How to complete this task:
Output all entries verbatim. Skip pictures.

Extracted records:
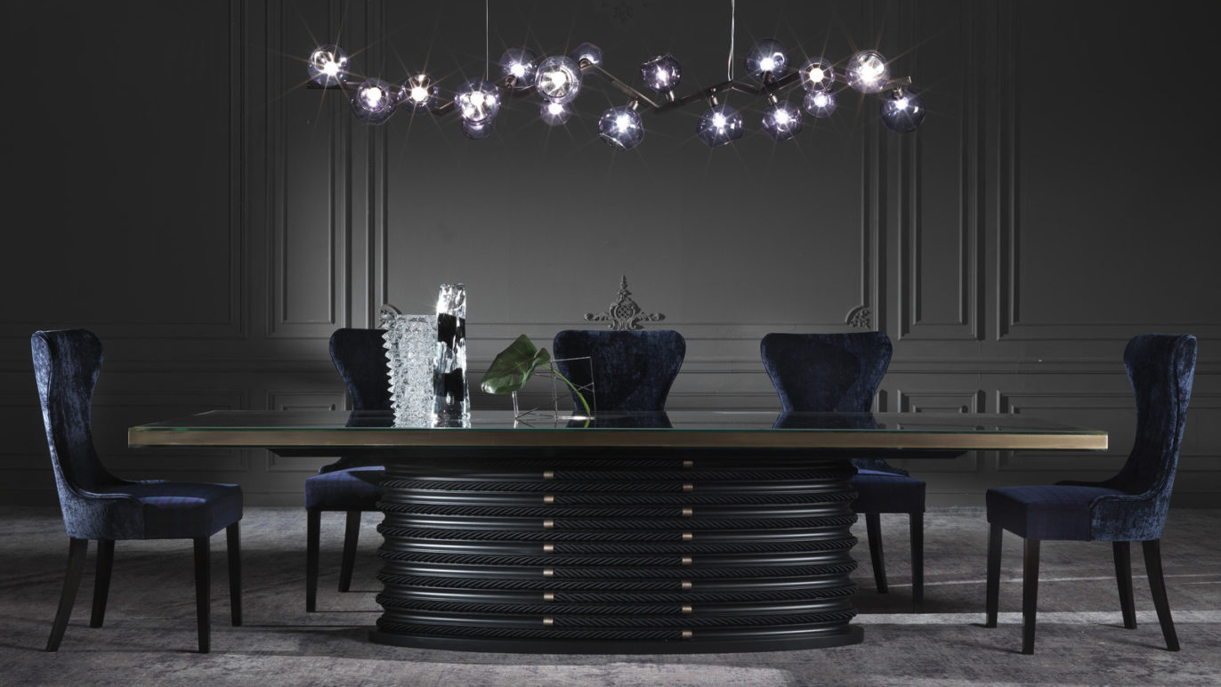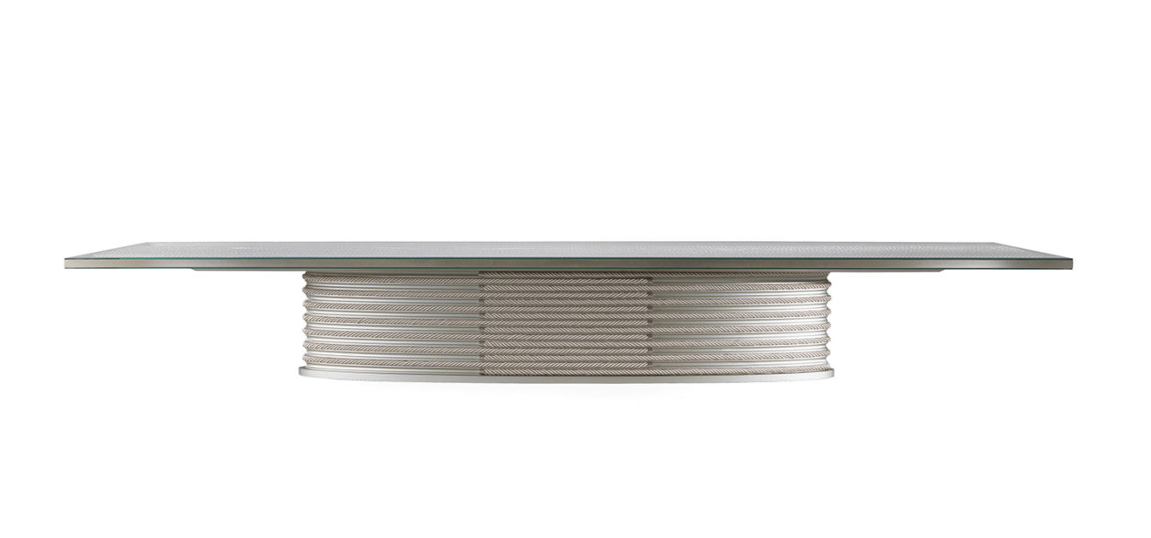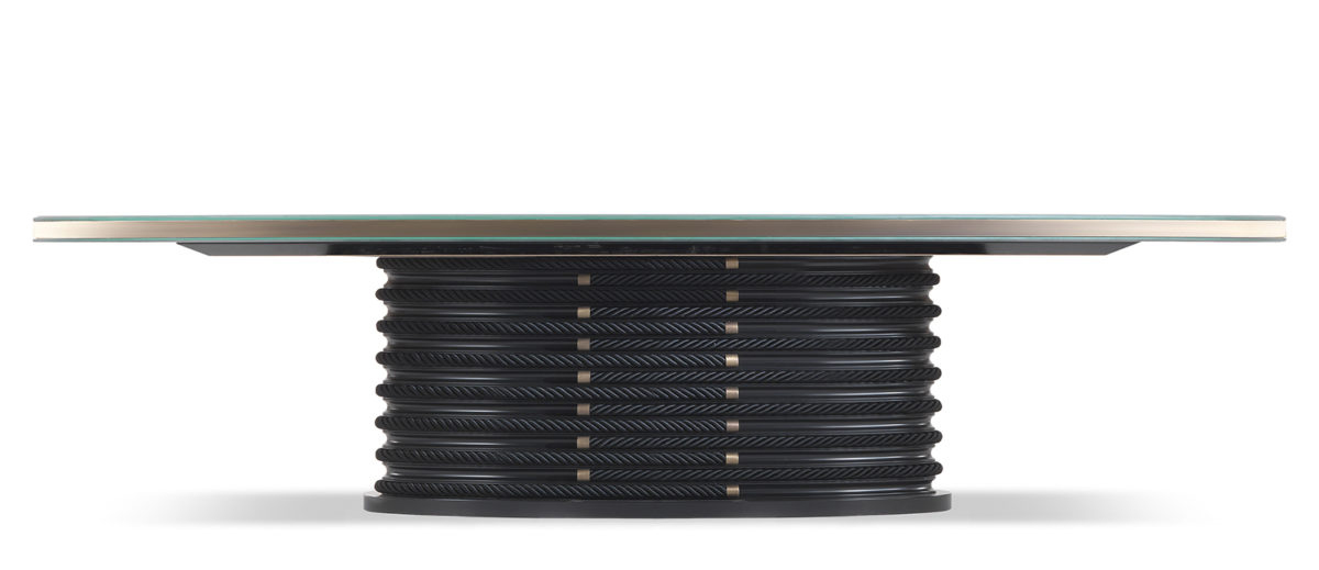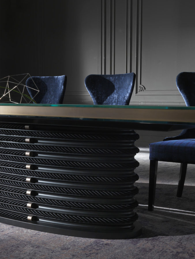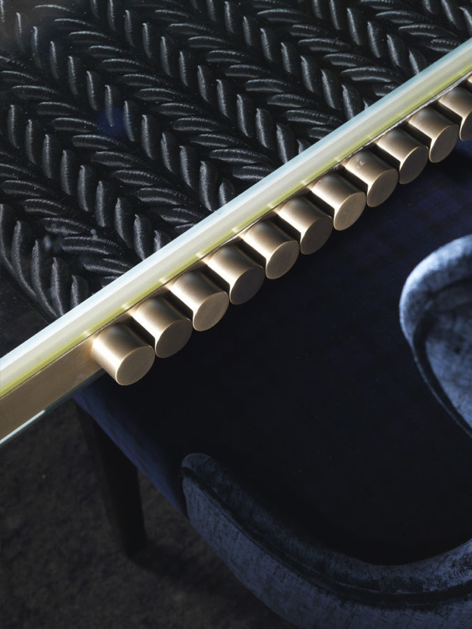 Majestic and imposing, Brick Lane dining table is characterized by the presence of ropes, visible through the wide glass top placed on the wooden base. The rope, a typical decoration of the classical world, is combined with brass elements to create a special graphic game that recalls the shape and materials of the hussar jackets. A style detail recounting the ability of Gianfranco Ferré Home to translate the classic style archetypes in a modern version, creating “a-temporal” furnishings carriers of a universal language able to seduce customers coming from different cultures and lifestyles.
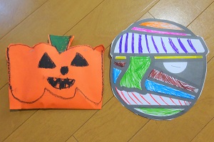 今日は幼稚園でハロウィンをした。今回はコロナだから、顔のペイントは無し。まず1つは、包帯おばけに色を塗ること。園長先生と副園長先生が部屋に来たら、担任の先生と一緒にお菓子を配るから、子どもは先生の前に行って「トリックオアトリート」って言って、手作りのかぼちゃバッグ(事前に作ったもの)に入れてもらい、最後にホチキスを止めてもらった。ハロウィン土産はこの2つ。かぼちゃバッグの中身は3つ。
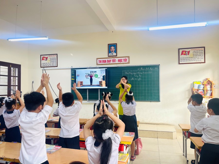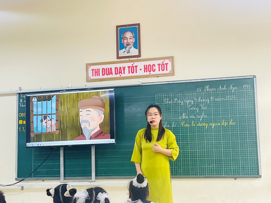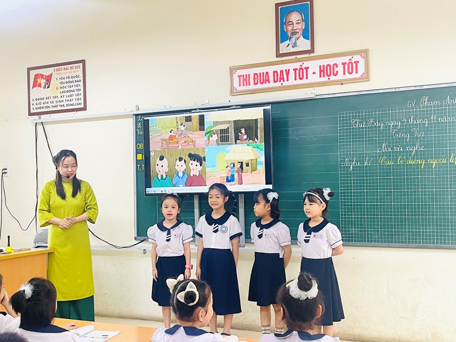 Thực hiện kế hoạch bồi dưỡng chuyên môn, ngày 4/11 tổ chuyên môn khối 2 đã lên lớp chuyên đề cấp trường: Chuyên đề: “Phát triển năng lực ngôn ngữ cho học sinh lớp 2 qua hoạt động nói và nghe môn Tiếng Việt”.Phần lên lớp minh họa do cô giáo Phạm Ánh Ngọc và các em học sinh lớp 2A3 thể hiện. Tiết dạy diễn ra rất sôi nổi và thành công. Sau tiết dạy đồng chí Phó hiệu trưởng Vũ Thị Thu Hà cùng các giáo viên đã thảo luận, phân tích bài học để hoàn thiện chuyên đề.
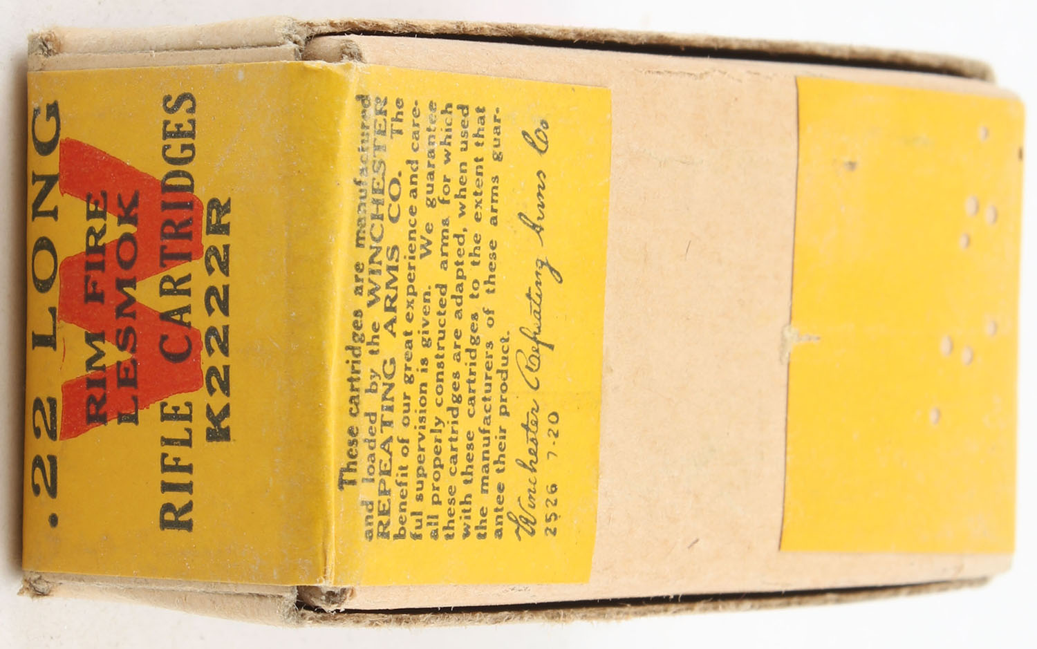 Winchester, Lesmok Rifle Cartridges, .22 Long, RR: WRA-179 L-58b, FULL & SEALED, 2pc. Buff box with green & yellow wraparound label, box is solid with excellent color, very minor color fading, corners are mostly sharp, edges are crisp, label is intact. Grade: Excellent ++ - Value: 80 to 120
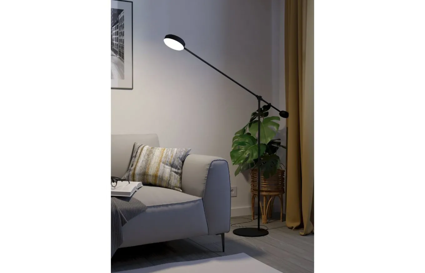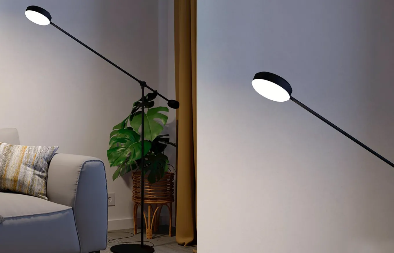 Lámpara de pie Clavellina está compuesta por una pantalla circular fabricada en acero de color negro y una pantalla de plástico en color blanco que proyecta luz LED con intensidad regulable para adecuarla al momento.
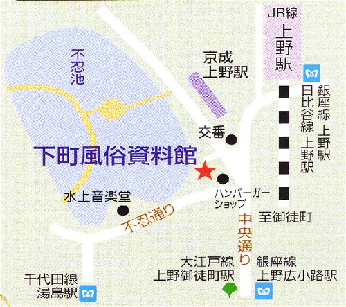 JR上野駅または御徒町駅、東京メトロ銀座線・日比谷線上野駅、千代田線湯島駅、都営大江戸線上野御徒町駅より徒歩5分。京成電鉄京成上野駅より徒歩3分。
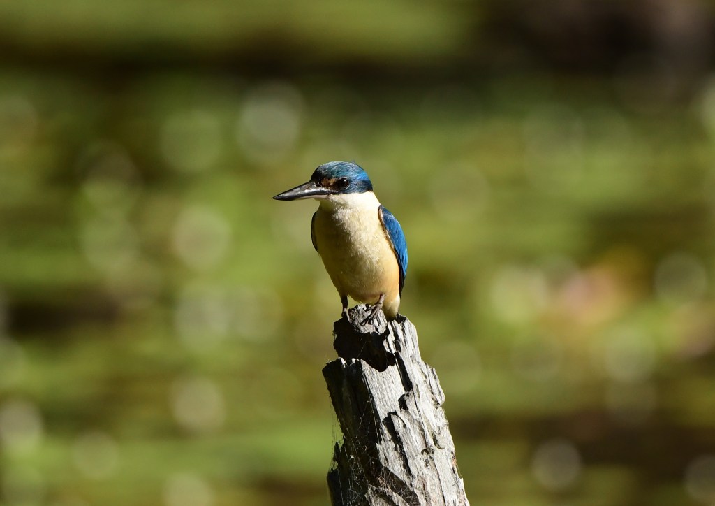 Keep a look out for baby birds in these ponds, they can be fun to photograph too. Also, on the dead branches I’ve often found kingfishers – Sacred and more rarely, Forest Kingfishers.
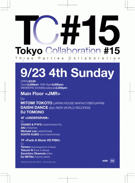 TokyoのNightシーンを彩る3つの個性的なPartyが渋谷WOMBにて融合。今回のTokyo Collaborationは、メインフロアを「JMR(ジャパン マフィア レコーディング)」と題して、レーベル主宰のMITOMI TOKOTOを中心にゆかりのあるアーティスト、DJ TOMONO、そしてDAISHI DANCEが札幌より参加する。4Fは2007年より始動したパーティーオーガナイゼーション「UNDERGRAM」が参加。Out Of Orbitを主宰のMARTINEZ、ポーランドよりSLGをそれぞれ初来日させ、今勢いに乗っているパーティの一つである。CHABO&P.N.O、AKI、Miicheal Leeを中心にHi-Tech-House をキーワードに現在進行形のダンスミュージックが体感出来るだろう!1FはTECH HOUSE・ELECTRO HOUSEを主体とした「Funk A Stone」が長崎を代表するパーティ「FISH」とのコラボレーションが決定。Tamaru、Takumi N、Souichiro Okamoto、MITSUの濃いDJの深いプレイから目が離せない。それぞれ個性的なパーティが集結し、普段と違ったパーティの楽しみが出来る1夜となるだろう!
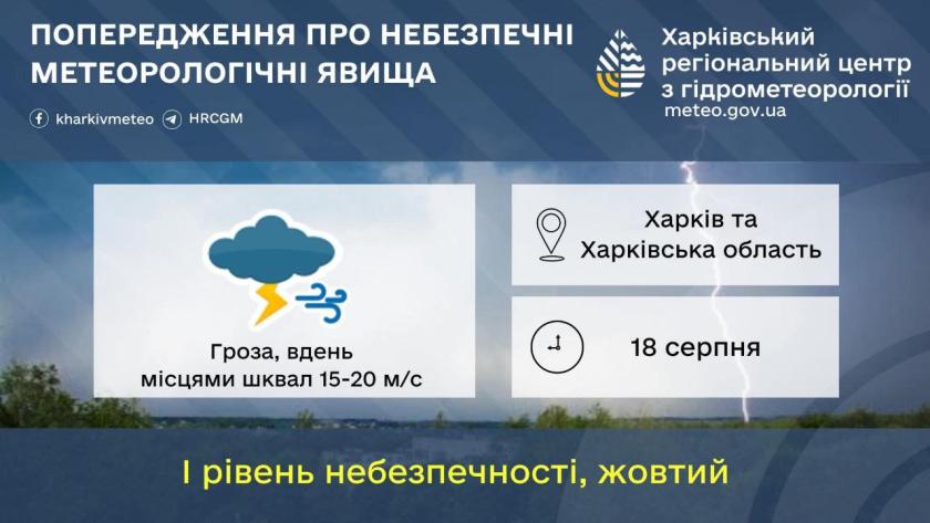 У понеділок, 18 серпня, буде набагато прохолодніше, аніж в неділю. Температура повітря знизиться з +32 до +19…+24 градусів, вдень можливий короткочасний дощ і навіть грози. Синоптики попереджають про шквальний вітер 15 – 20 м/с, який може призвести до ускладнень в роботі транспорту.

Answer space:
 Majestic and imposing, Brick Lane dining table is characterized by the presence of ropes, visible through the wide glass top placed on the wooden base. The rope, a typical decoration of the classical world, is combined with brass elements to create a special graphic game that recalls the shape and materials of the hussar jackets. A style detail recounting the ability of Gianfranco Ferré Home to translate the classic style archetypes in a modern version, creating “a-temporal” furnishings carriers of a universal language able to seduce customers coming from different cultures and lifestyles.
 今日は幼稚園でハロウィンをした。今回はコロナだから、顔のペイントは無し。まず1つは、包帯おばけに色を塗ること。園長先生と副園長先生が部屋に来たら、担任の先生と一緒にお菓子を配るから、子どもは先生の前に行って「トリックオアトリート」って言って、手作りのかぼちゃバッグ(事前に作ったもの)に入れてもらい、最後にホチキスを止めてもらった。ハロウィン土産はこの2つ。かぼちゃバッグの中身は3つ。
 Thực hiện kế hoạch bồi dưỡng chuyên môn, ngày 4/11 tổ chuyên môn khối 2 đã lên lớp chuyên đề cấp trường: Chuyên đề: “Phát triển năng lực ngôn ngữ cho học sinh lớp 2 qua hoạt động nói và nghe môn Tiếng Việt”.Phần lên lớp minh họa do cô giáo Phạm Ánh Ngọc và các em học sinh lớp 2A3 thể hiện. Tiết dạy diễn ra rất sôi nổi và thành công. Sau tiết dạy đồng chí Phó hiệu trưởng Vũ Thị Thu Hà cùng các giáo viên đã thảo luận, phân tích bài học để hoàn thiện chuyên đề.
 Winchester, Lesmok Rifle Cartridges, .22 Long, RR: WRA-179 L-58b, FULL & SEALED, 2pc. Buff box with green & yellow wraparound label, box is solid with excellent color, very minor color fading, corners are mostly sharp, edges are crisp, label is intact. Grade: Excellent ++ - Value: 80 to 120
 Lámpara de pie Clavellina está compuesta por una pantalla circular fabricada en acero de color negro y una pantalla de plástico en color blanco que proyecta luz LED con intensidad regulable para adecuarla al momento.
 JR上野駅または御徒町駅、東京メトロ銀座線・日比谷線上野駅、千代田線湯島駅、都営大江戸線上野御徒町駅より徒歩5分。京成電鉄京成上野駅より徒歩3分。
 Keep a look out for baby birds in these ponds, they can be fun to photograph too. Also, on the dead branches I’ve often found kingfishers – Sacred and more rarely, Forest Kingfishers.
 TokyoのNightシーンを彩る3つの個性的なPartyが渋谷WOMBにて融合。今回のTokyo Collaborationは、メインフロアを「JMR(ジャパン マフィア レコーディング)」と題して、レーベル主宰のMITOMI TOKOTOを中心にゆかりのあるアーティスト、DJ TOMONO、そしてDAISHI DANCEが札幌より参加する。4Fは2007年より始動したパーティーオーガナイゼーション「UNDERGRAM」が参加。Out Of Orbitを主宰のMARTINEZ、ポーランドよりSLGをそれぞれ初来日させ、今勢いに乗っているパーティの一つである。CHABO&P.N.O、AKI、Miicheal Leeを中心にHi-Tech-House をキーワードに現在進行形のダンスミュージックが体感出来るだろう!1FはTECH HOUSE・ELECTRO HOUSEを主体とした「Funk A Stone」が長崎を代表するパーティ「FISH」とのコラボレーションが決定。Tamaru、Takumi N、Souichiro Okamoto、MITSUの濃いDJの深いプレイから目が離せない。それぞれ個性的なパーティが集結し、普段と違ったパーティの楽しみが出来る1夜となるだろう!
 У понеділок, 18 серпня, буде набагато прохолодніше, аніж в неділю. Температура повітря знизиться з +32 до +19…+24 градусів, вдень можливий короткочасний дощ і навіть грози. Синоптики попереджають про шквальний вітер 15 – 20 м/с, який може призвести до ускладнень в роботі транспорту.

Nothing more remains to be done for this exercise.